The task:
Copy exactly, and copy nothing else: the line that contains "よく使用する調味料を使い勝手" and all lines after it in the listing, without pictures.

◇ ◇ ◇

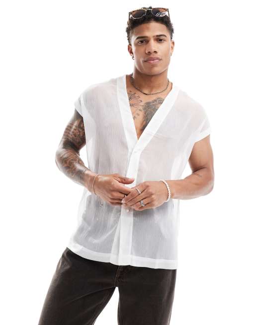 ASOS DESIGN relaxed sleeveless sheer shirt with embellished buttons in white
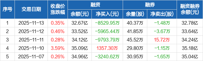 伊利股份融资融券信息显示,2025年11月13日融资净偿还8529.95万元;融资余额32.67亿元,较前一日下降2.54%
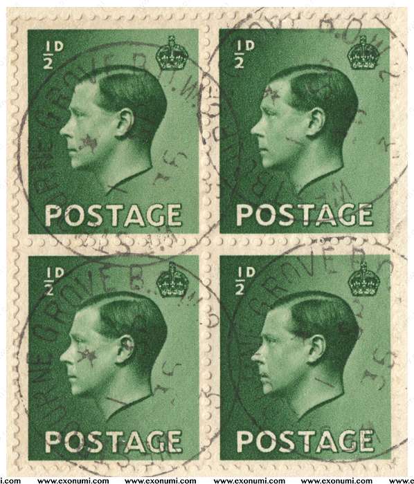 United Kingdom : King Edward VIII - Blocks of 4 Cancelled First Day of Issue 1 Sept 1936
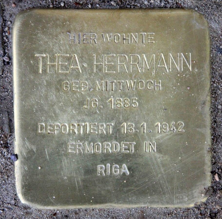Siegfried und Thea Herrmann waren Untermieter bei Wolf und Słata Lewin im 4. Stock links. Siegfried Herrmann ist am 6. Mai 1877 auf dem Gut Augken (Ostpreußen) geboren, Thea Hermann, geb. Mittwoch, am 12. Juli 1885 in Schrimm (Šrem, Polen). Sie sind am 13. Januar 1942 zusammen mit ihren Vermietern Lewin, den darunter wohnenden Weils und deren Untermieterin Hertha Tockus vom Bahnhof Grunewald in einem mit 1034 Menschen voll besetzten, trotz des harten Winters unbeheizten Zug in die lettische Hauptstadt Riga deportiert worden, wo er am 16. Januar auf dem Bahnhof Skirotava ankam. Fast alle wurden im Wald von Rumbula in der Nähe ermordet. Nur 15 überlebten diesen Transport nach dem Zweiten Weltkrieg.
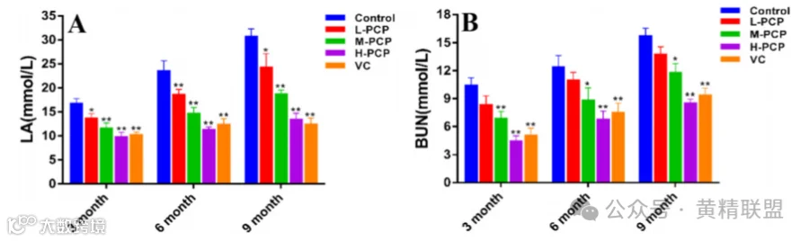 有报道称,力竭游泳运动可导致与疲劳相关的一些血液生化指标发生变化,如LA和BUN。在运动至疲惫期间,碳水化合物糖酵解将葡萄糖转化为LA。LA的过度积累导致肌肉和血液pH值降低,抑制糖酵解相关酶的产生和ATP的合成,导致肌肉疲劳。此外,LA解离产生的H+可以抑制Ca2+与骨骼肌钙蛋白的结合,导致肌肉收缩力受损。与正常组相比,PCP治疗显著降低血清LA水平,且呈剂量依赖性和年龄依赖性(图3.A)。BUN也是评价疲劳的重要指标。在高强度运动中,来自碳水化合物和脂肪代谢的能量不足,为了弥补这一点,蛋白质和氨基酸表现出高分解代谢,导致BUN迅速增加。从图中可以看出,与正常组相比,PCP处理过的小鼠血清BUN水平显著降低,且剂量和年龄呈依赖关系(图3.B)。这些结果表明,PCP可以有效缓解运动后LA和BUN的积累,有助于身体从体力疲劳中恢复过来。
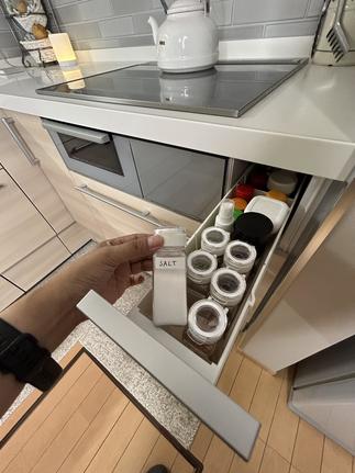 よく使用する調味料を使い勝手の良い容器に入れてコンロ横の収納へ。使いやすいよう設計されているノクトの収納ですが、そこにお客様の工夫・アイディアが追加されていて、更に使用しやすい素敵なキッチンにカスタマイズされています。
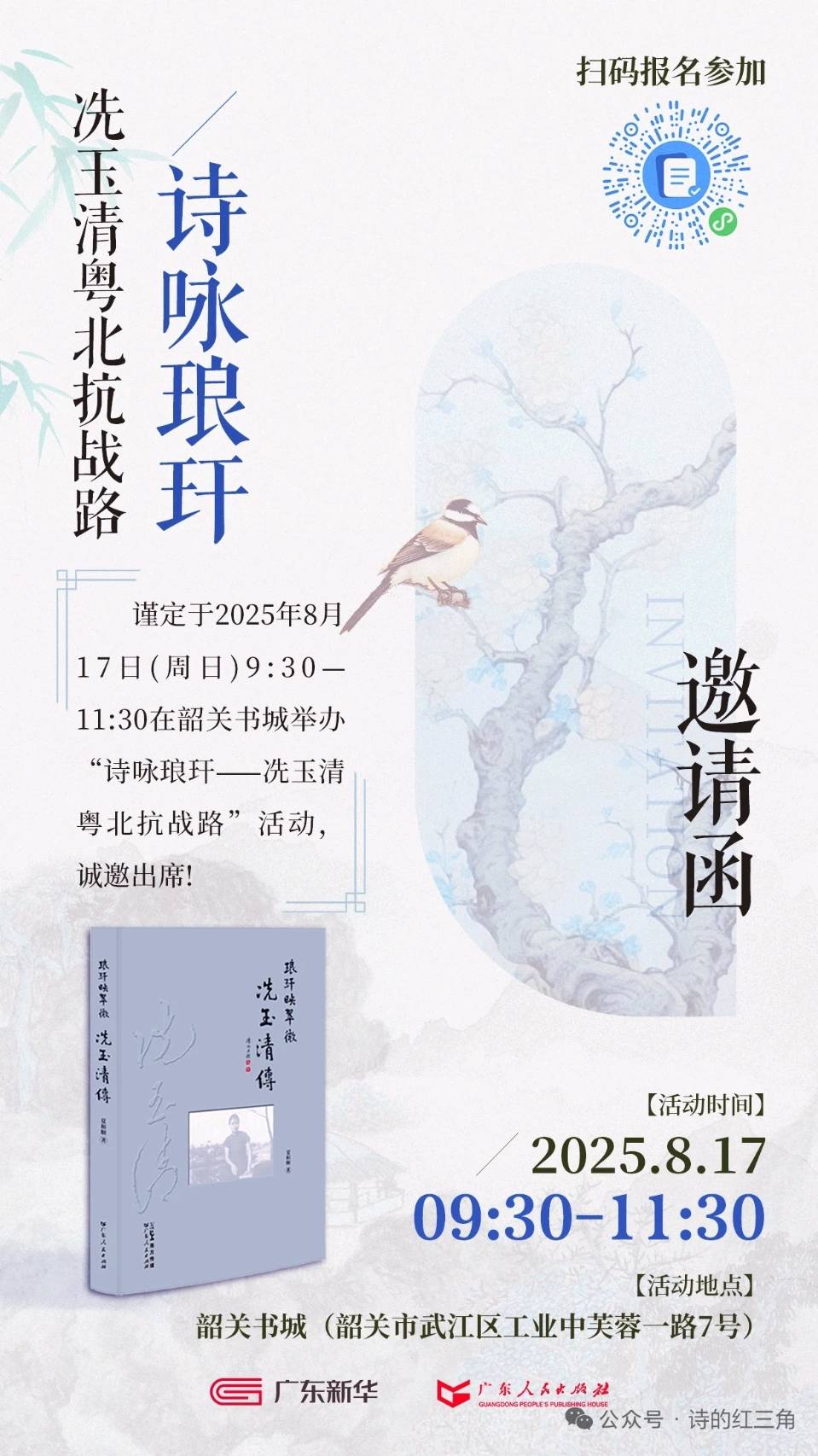 欢迎参加广东新华集团、广东人民出版社在韶关书城举办的'诗咏琅玕——冼玉清粤北抗战路'活动,领略岭南第一才女的风采!

◇ ◇ ◇

Exercise answer:
 よく使用する調味料を使い勝手の良い容器に入れてコンロ横の収納へ。使いやすいよう設計されているノクトの収納ですが、そこにお客様の工夫・アイディアが追加されていて、更に使用しやすい素敵なキッチンにカスタマイズされています。
 欢迎参加广东新华集团、广东人民出版社在韶关书城举办的'诗咏琅玕——冼玉清粤北抗战路'活动,领略岭南第一才女的风采!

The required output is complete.